# Psicodelico ¿Se puede hacer?



## Selkir (Dic 24, 2007)

Tengo el esquema de un psicodelico que tiene tres bombillas de 60W y lo que quiero es eliminar estas cargas para poder conectar a la salida del circuito cualquier otra carga o circuito como conjuntos de leds, conjuntos de bombillas... no se, lo que sea.

Se me ha ocurrido poner optoacopladores. No se si estará bien montado, por eso os dejo el esquema original y el que yo he hecho.

Original:





Con los optoacopladores:





Decidme que os parece mi idea


----------



## ciri (Dic 25, 2007)

Mientras que mantengas el mismo nivel de carga que en el original, puede andar bien, en cuanto comienzes a superarlo, habría que replantear algunos datos, por el consumo de corriente,,,


----------



## Selkir (Dic 26, 2007)

¿Pero no se supone que el optoacoplador aisla? De ser así, ¿podria poner practicamente cualquier circuito con su propia fuente de alimentación?

Como ya dije, se me ocurrio lo de los optoacopladores para poder poner lo que sea en la cargo, no hace falta que sean bombillas.
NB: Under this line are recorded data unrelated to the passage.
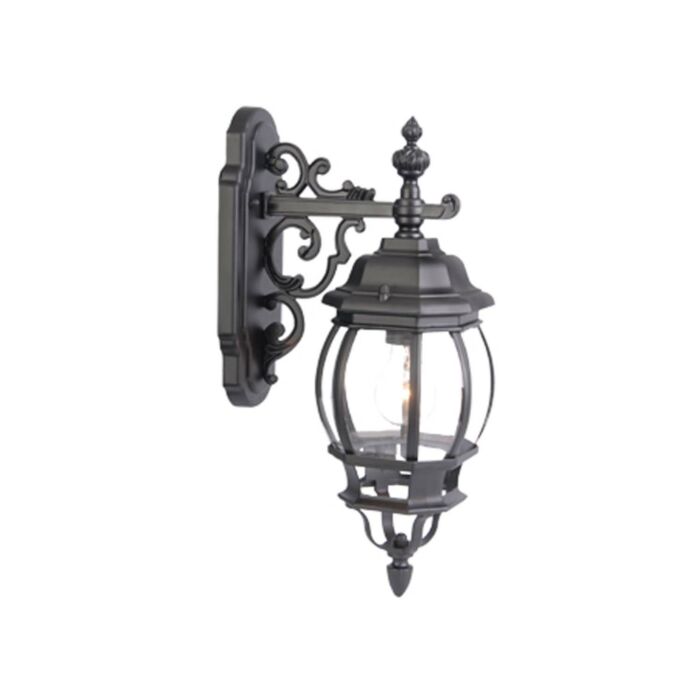 The collection boasts a simple, classical style. This lantern features elegant scrollwork and clear beveled glass panes. It`s cast aluminum construction resists rust and corrosion.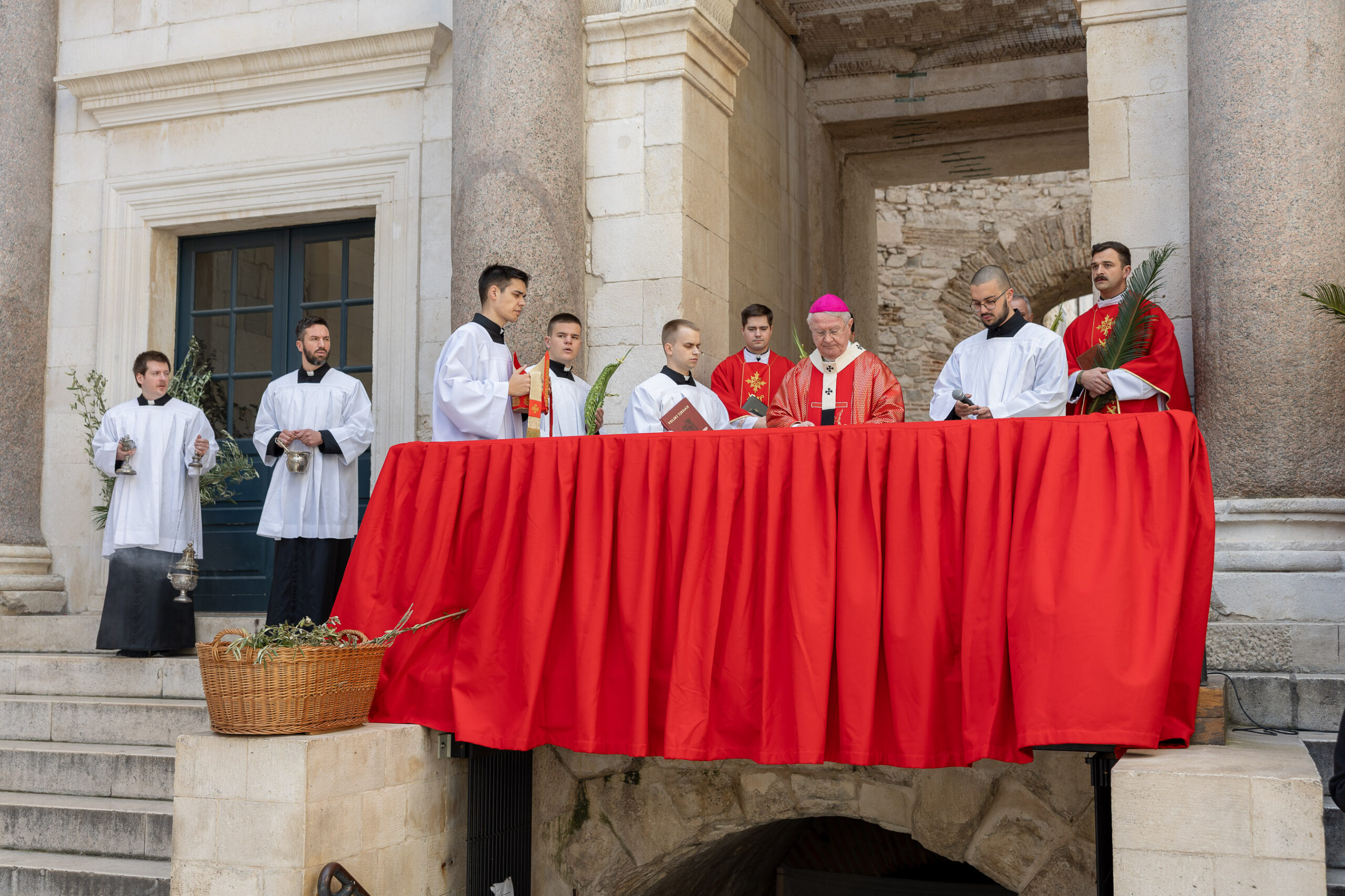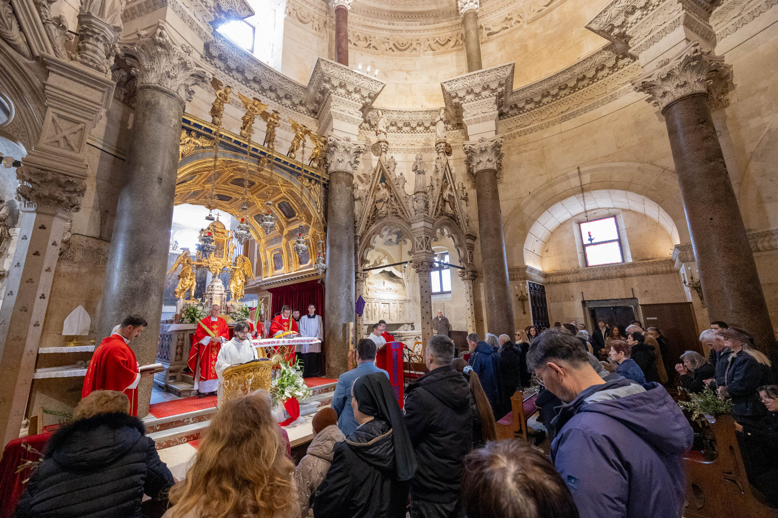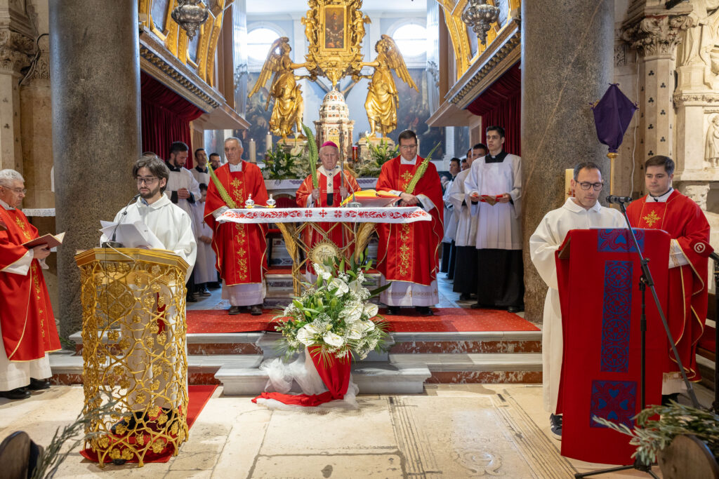 Slavlje je počelo na Peristilu gdje je mons. Križić blagoslovio maslinove grančice i vjernike. Služba riječi i euharistijsko slavlje zatim je nastavljeno u katedrali. Suslavila su petorica svećenika predvođena generalnim vikarom Splitsko-makarske nadbiskupije mons. Franjom Frankopanom Velićem.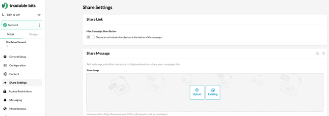 There’s rarely an instance when you’ll want to toggle off the ability for fans to share. However, some campaigns are designed specifically around a share link to create campaign virality. If you’re looking to create a campaign that spreads like wildfire, you can incentivize fans to share and then track those shares and redemptions in Tradable Bits. This gives you the ability to expand your fanbase using your existing fan networks.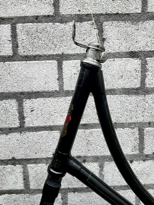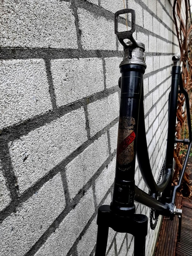 De fiets in aangetroffen staat had een stuur van eind jaren 30 en ook een (slecht) voorwiel met trommelrem uit die tijd. Achter zat een wiel met trommelrem uit 1979. Maar als er in de jaren 30 niets is veranderd aan de cranks/overbrenging, waarom zijn die er dan van af gehaald; mogelijk omdat hij toen opnieuw gemoffeld is? (moet ik nog onderzoeken). De vork (lijkt niet origineel) heeft weer een ander revisienummer trouwens.

Ciri, gracias por interesarte.


----------



## CarlosColombo (Dic 26, 2007)

Yo usaria el circuito original.
Conectaria bombillas, led o lo que quisiera y lo alimentaria con la tension necesaria 12v. o 6v. en vez de los 220v.
No entiendo por que quieres modificar el circuito?.


----------



## ciri (Dic 26, 2007)

Selkir dijo:
			
		

> ¿Pero no se supone que el optoacoplador aisla? De ser así, ¿podria poner practicamente cualquier circuito con su propia fuente de alimentación?
> 
> Como ya dije, se me ocurrio lo de los optoacopladores para poder poner lo que sea en la cargo, no hace falta que sean bombillas.
> 
> Ciri, gracias por interesarte.



Claro, el opto, aisla, pero hay que ver con que potencia querés trabajar, por lo que te determina una corriente, no es lo mismo aislar 60W que 13,2KW.. simplemente eso..


----------



## Selkir (Dic 26, 2007)

En realidad la pregunta es si se puede hacer. La potencia de momento me da un poco igual, ya que este proyecto voy a tardar en hacerlo.

Ahora ya se que se puede.

Muchas gracias a todos.


----------